By some measures, automatic enrolment has been a rip-roaring success. By March this year, 6.1 million people had been auto-enrolled into a pension and 110,000 employers had registered their compliance. Only 10 per cent of those enrolled had opted-out.
But is this result really all that surprising? Auto-enrolment harnesses consumer inertia and the high number of joiners and low opt-out rates perhaps illustrate just how little interest people take in their pension. Even less interest, it would appear, than most pension professionals predicted.
Recent research we have undertaken points to a similar conclusion. Since the introduction of auto-enrolment, the number of private sector pension savers unaware of their fund choices, or that have never reviewed them, rose from 9 per cent in 2013 to 15 per cent this year. Across all defined contribution schemes 1.5 million savers do not even know what fund their savings are invested in.
Among employees of smaller businesses the picture is even worse, with nearly one in five unaware of their investment choice. And with the employees of some 480,000 small employers still set to be automatically enrolled this year, the number of those disconnected from their pension savings is only going to rise. While inertia may be a force for good in getting people saving, the same inertia makes it difficult to get those same people engaged with their savings.

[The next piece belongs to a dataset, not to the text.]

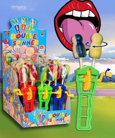 A Double Spinner Gyümölcsízű Nyalóka (30 g) kettős forgórészű, élénk színű és gyümölcsös ízű nyalóka – vízszintes és függőleges forgással is játszó formatervezésben, szórakoztató nassolnivaló gyerekeknek és felnőtteknek egyaránt.
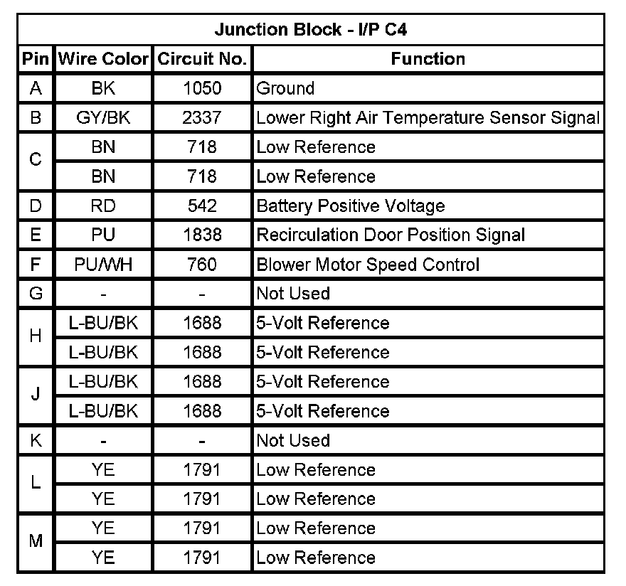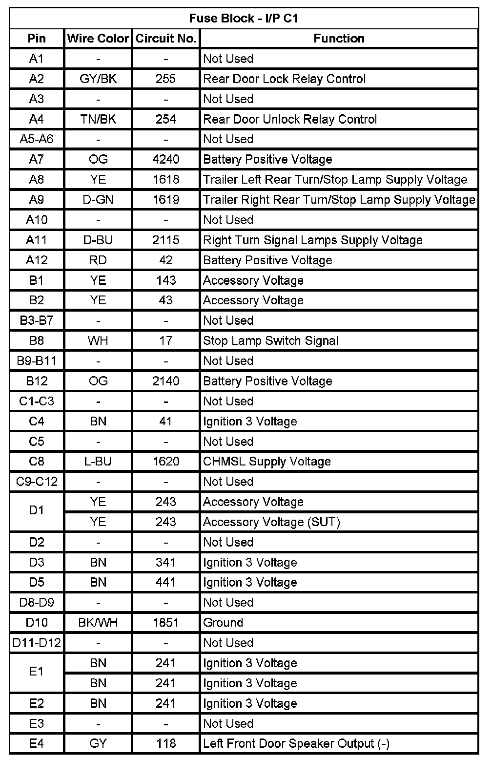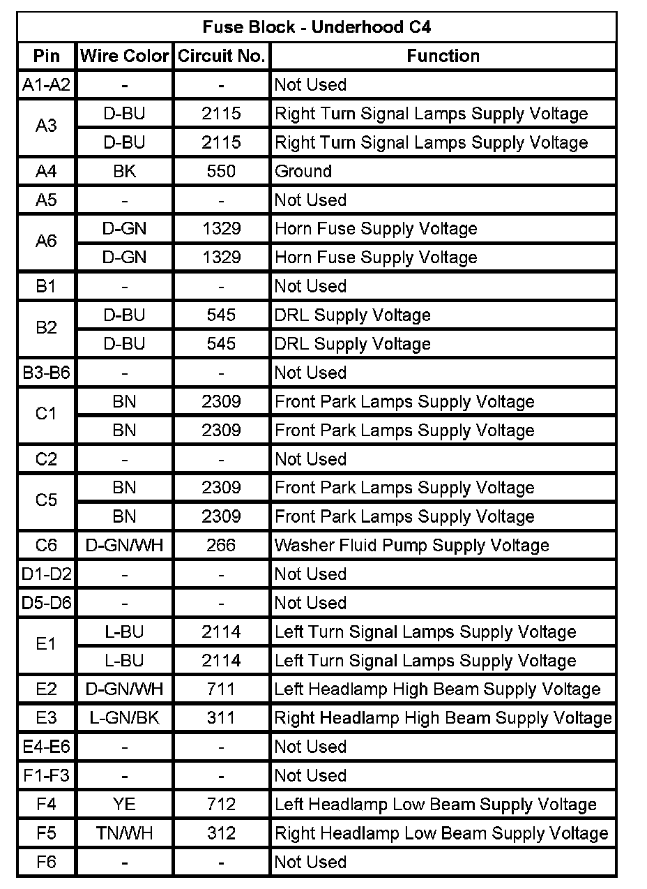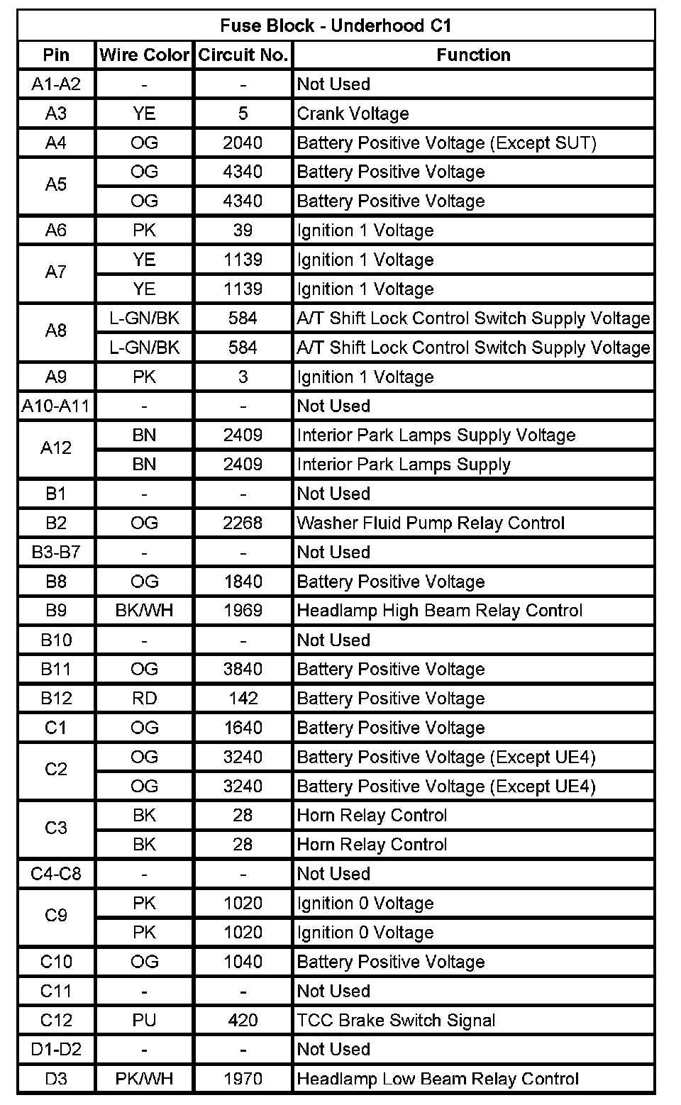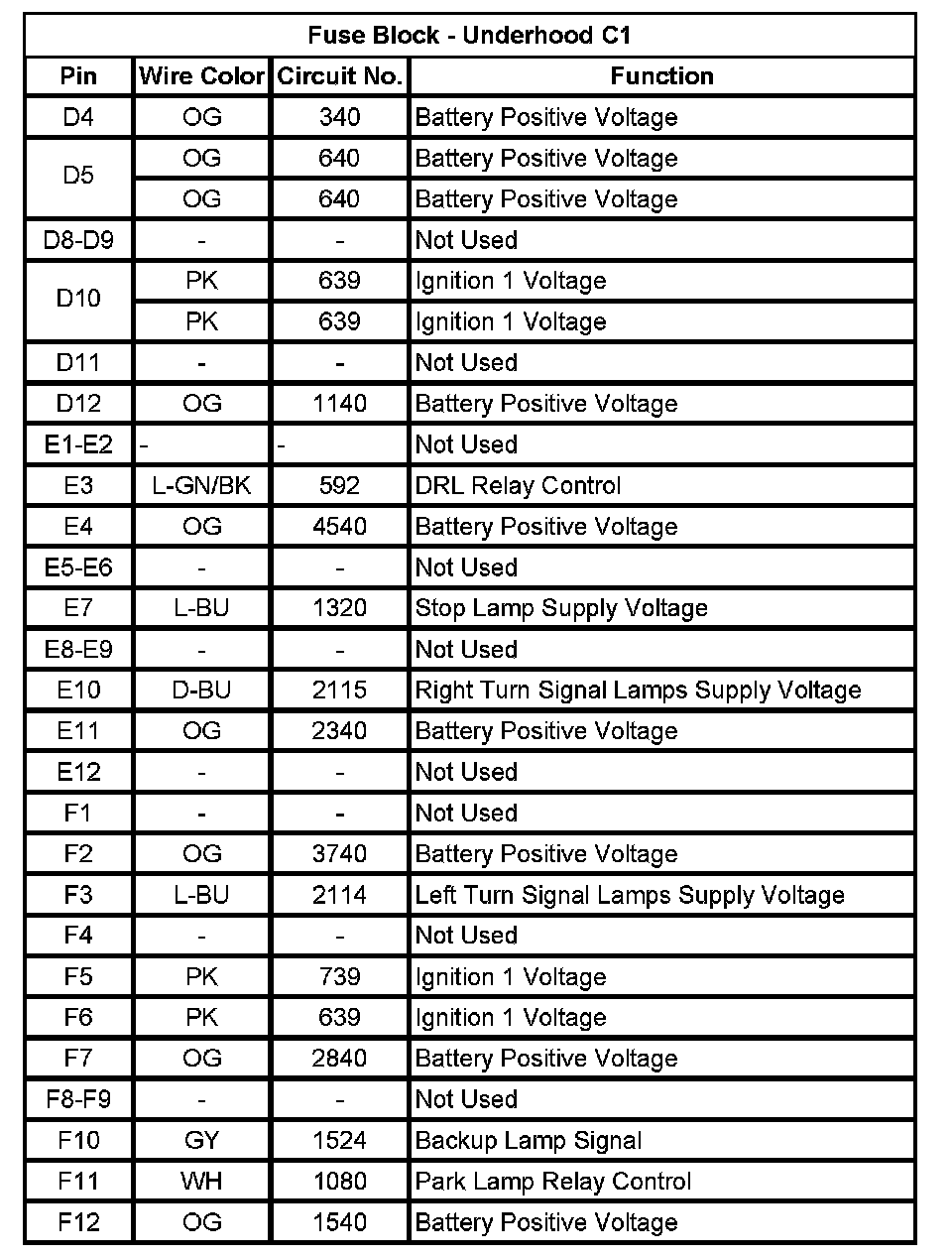 Fuse Block - Underhood C1 (Pin D4 To F12):

Auto-enrolment still faces major hurdles before it can be declared “job done”. Ensuring that small employers carry out their duties is the number one concern today; by 2018 the biggest worry will be around whether increased contributions result in more opt-outs.
Indeed, our research indicates that affordability remains the top reason for opting out, which could prove a problem when employee contributions rise in 2018 and again in 2019. Thinking optimistically, inertia may save the day again if people cannot be bothered to opt-out even if the financial pain is more keenly felt.
That said, we already know that 8 per cent of band earnings is not enough but the Government says it has no plans to increase minimum contributions beyond that threshold. It looks likely other techniques that harness inertia, such as “save-more-tomorrow”, will need to be deployed as the solution to the problem of adequate saving.
The investment issue is a tougher nut to crack. Many people have no concept of what a fund is, never mind what equities and bonds are. Advice could be the solution here, if only people would seek it out. Worryingly, our research suggests only 4 per cent sought advice before reviewing their investment choices, down from 7 per cent three years ago.
It could be argued that employees do not need to consider their investment choices. After all, every scheme must have governors in the shape of trustees or an independent governance committee. Surely they are the experts that should be deciding what fund is best?
While pension scheme governors do spend a lot of time considering default fund choices, they are also constrained in that the default fund must be one-size-fits-all. Charge caps place additional constraints on default fund design.
What is clear is that we need to find a way to match appropriate investment solutions with each employee’s own particular needs – whether that is through advice, education or something else.
Even if the remaining phases of auto-enrolment are successful, the twin problems of adequate contributions and suitable investment choices will remain. Now is the time for the pensions industry to turn its attention to those problems or auto-enrolment will forever be a job half done.